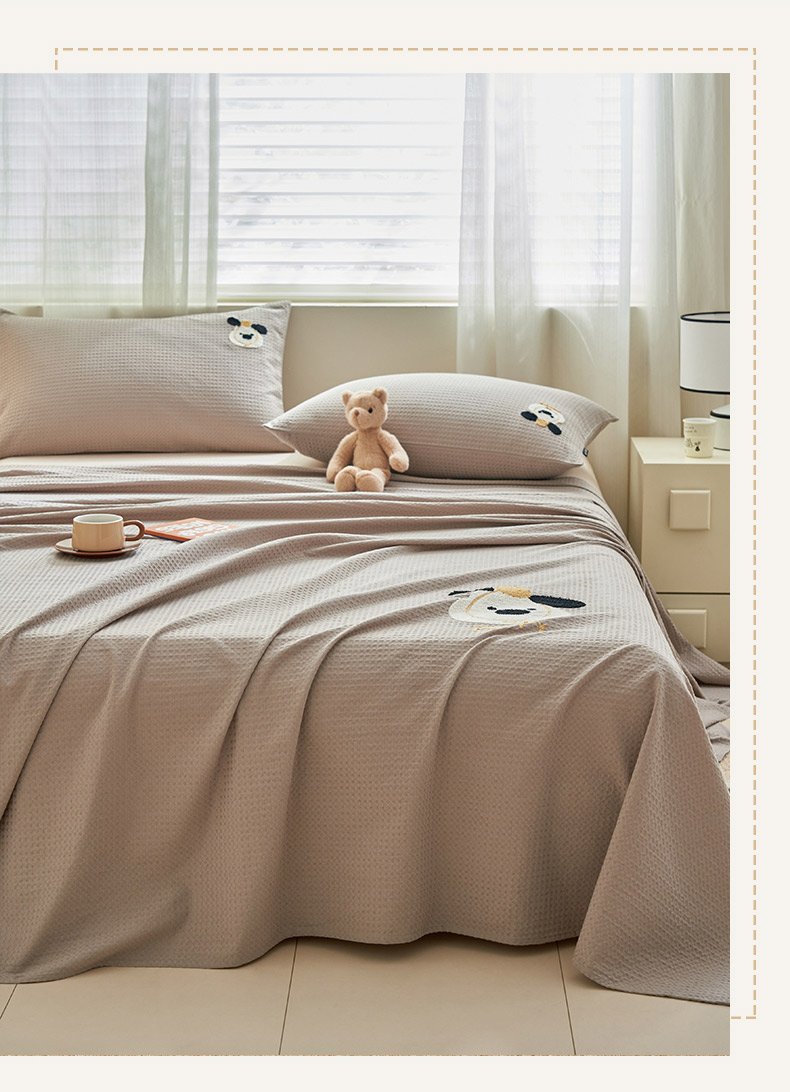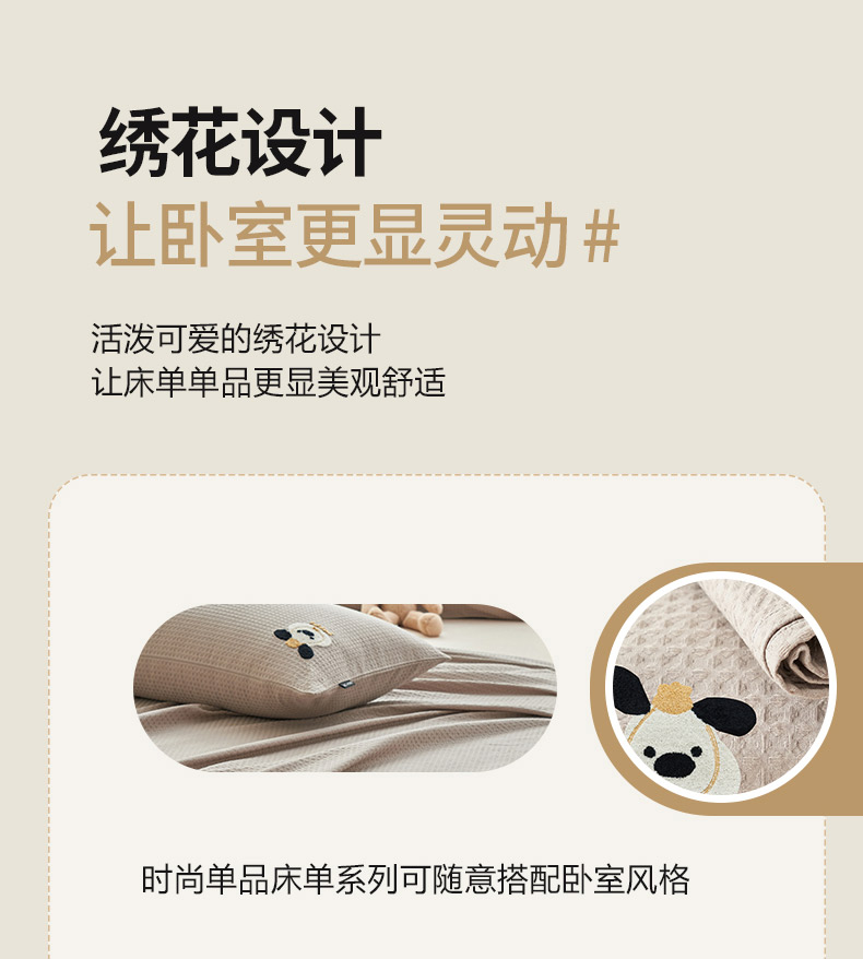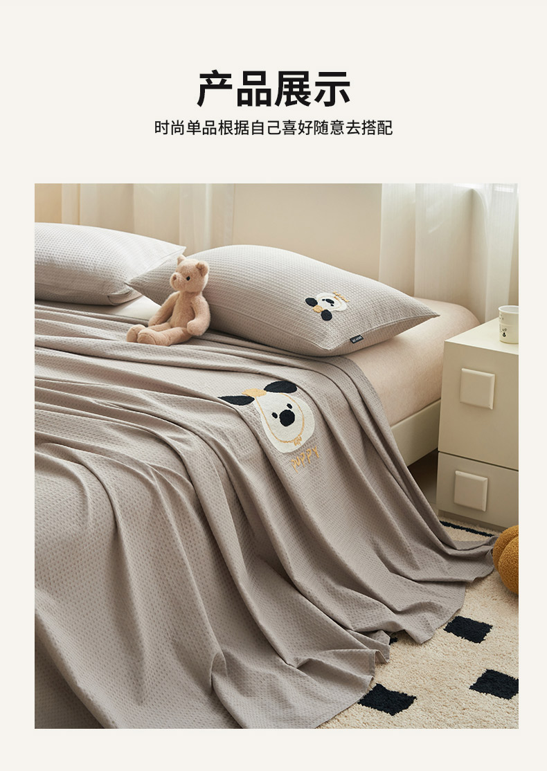 当前位置: 91家纺网 > 商品网购 > 床上用品 > 床单 > 寐绸家纺 2025新款纯棉华夫格毛巾绣单床单 绣花华夫格床单-浅灰
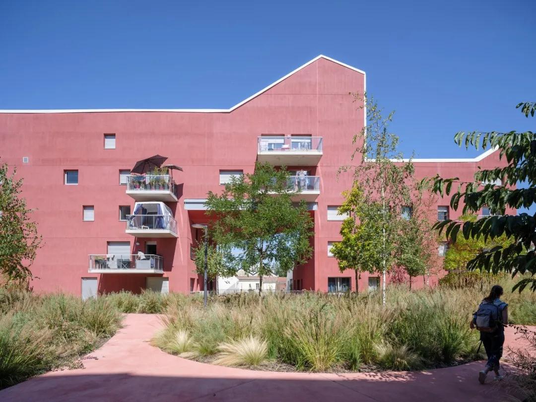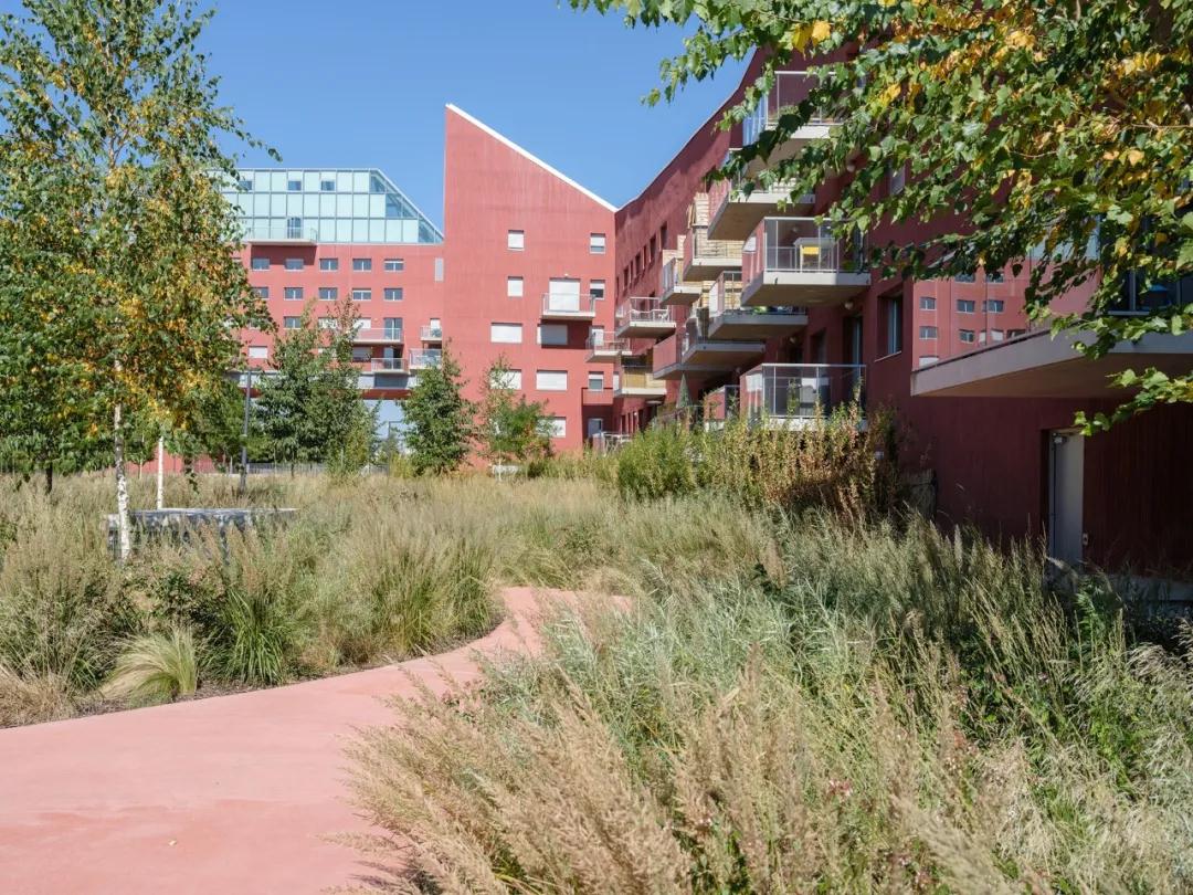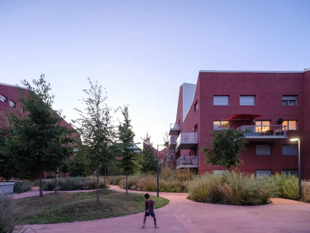 該項目的臨街立面呈現出柔和的奶油色色調,與周?chē)h(huán)境融為一體。然而,面向庭院的外墻采用亮紅色紋理灰泥完成。再加上83棵榿木、樺樹(shù)和各種草的綠色庭院景觀(guān),營(yíng)造出視覺(jué)上令人興奮的環(huán)境,與公園空間的熱鬧相得益彰。在不同的位置,穿過(guò)建筑物的大型門(mén)戶(hù)將內部庭院與外部連接起來(lái),引入閃爍的色彩,吸引路人的注意力并激發(fā)對內部空間的好奇心。
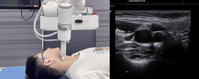 艾利特協作機器人與超聲深度打通,最大程度保留醫生左右手同時操作傳統超聲的習慣,并改善其舒適性,超聲檢查實際應用場景展示如下:
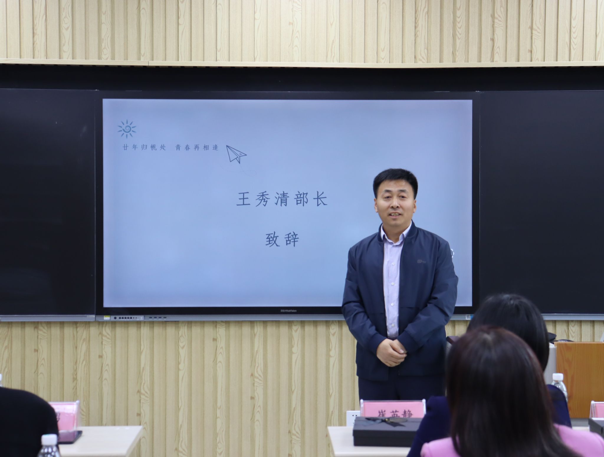 四月和风拂校园,旧友重聚忆流年。4月12日,2005届信息与计算科学专业校友毕业20周年返校聚会,再叙师生情。学院党委书记崔英静,党委副书记、副院长张沂红,副院长靳绍礼以及时任班主任、教师代表参加了本次返校交流活动。
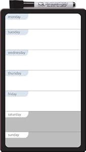 • Dry-erase surface is divided into seven sections with pre-printed days of the week; frameless design
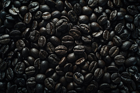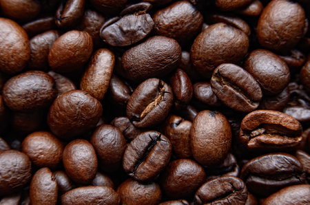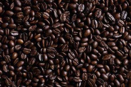 Texture of dark brown roasted coffee beans, close-up
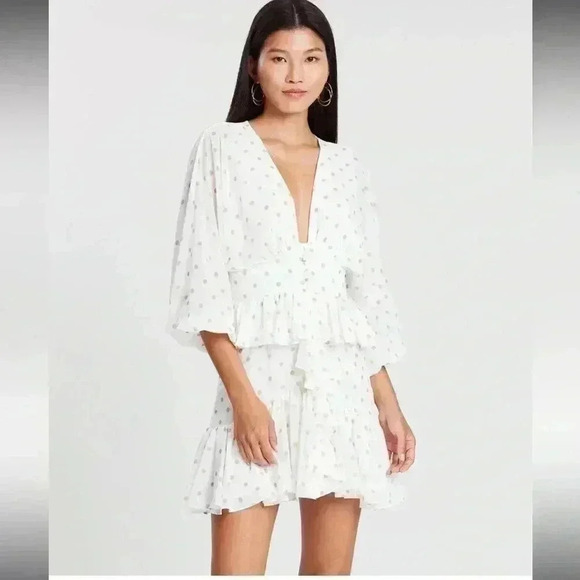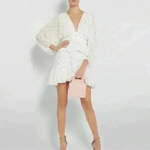 Shona Joy Sophia Dot Print Plunged V-Neck Ruffle Mini Peplum Dress SZ 4
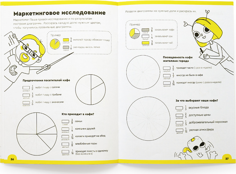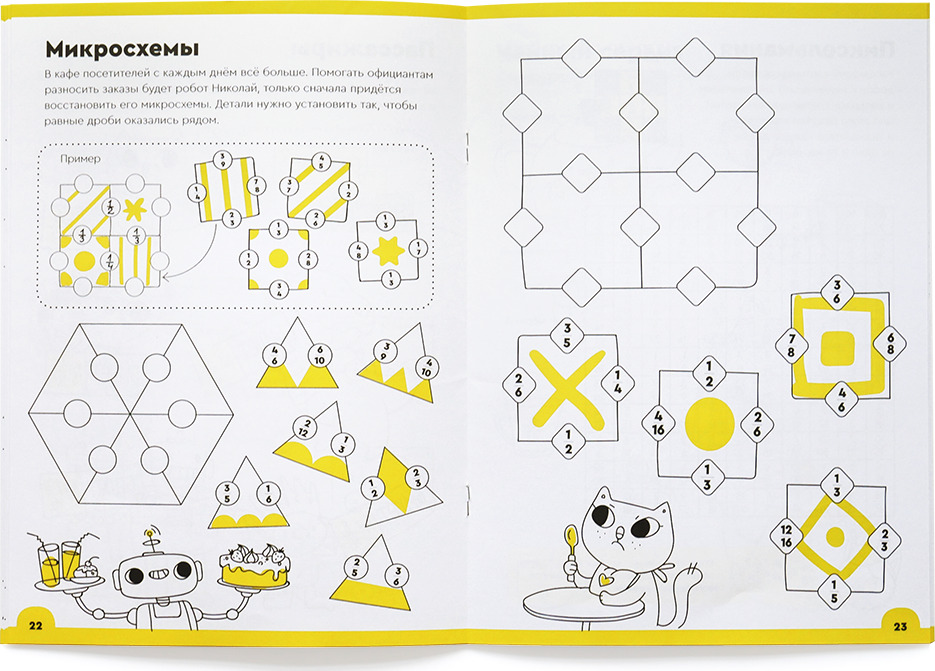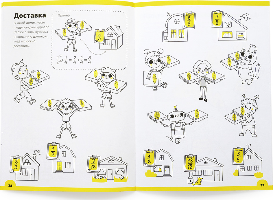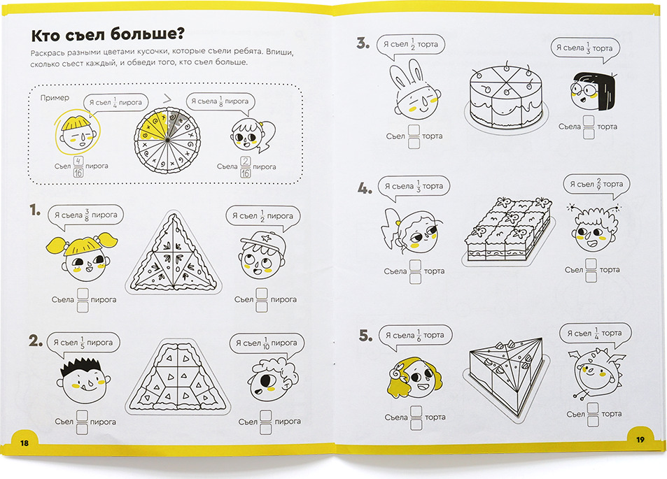 Увлекательные задания интересно объясняют принципы сложения и вычитания дробей. Решая примеры с помощью наглядных кусочков пиццы и пирогов, дети учатся производить операции с числовыми дробями. Секрет понимания долей и дробей в поэтапном освоении. Нет ник

- [TASK REQUIREMENTS]
Could the lines from the top of the material through the line with "四月和风拂校园,旧友重聚忆流" be repeated exactly, pictures left out?

- [TASK OUTPUT]
 当前位置: 91家纺网 > 商品网购 > 床上用品 > 床单 > 寐绸家纺 2025新款纯棉华夫格毛巾绣单床单 绣花华夫格床单-浅灰
 該項目的臨街立面呈現出柔和的奶油色色調,與周?chē)h(huán)境融為一體。然而,面向庭院的外墻采用亮紅色紋理灰泥完成。再加上83棵榿木、樺樹(shù)和各種草的綠色庭院景觀(guān),營(yíng)造出視覺(jué)上令人興奮的環(huán)境,與公園空間的熱鬧相得益彰。在不同的位置,穿過(guò)建筑物的大型門(mén)戶(hù)將內部庭院與外部連接起來(lái),引入閃爍的色彩,吸引路人的注意力并激發(fā)對內部空間的好奇心。
 艾利特協作機器人與超聲深度打通,最大程度保留醫生左右手同時操作傳統超聲的習慣,并改善其舒適性,超聲檢查實際應用場景展示如下:
 四月和风拂校园,旧友重聚忆流年。4月12日,2005届信息与计算科学专业校友毕业20周年返校聚会,再叙师生情。学院党委书记崔英静,党委副书记、副院长张沂红,副院长靳绍礼以及时任班主任、教师代表参加了本次返校交流活动。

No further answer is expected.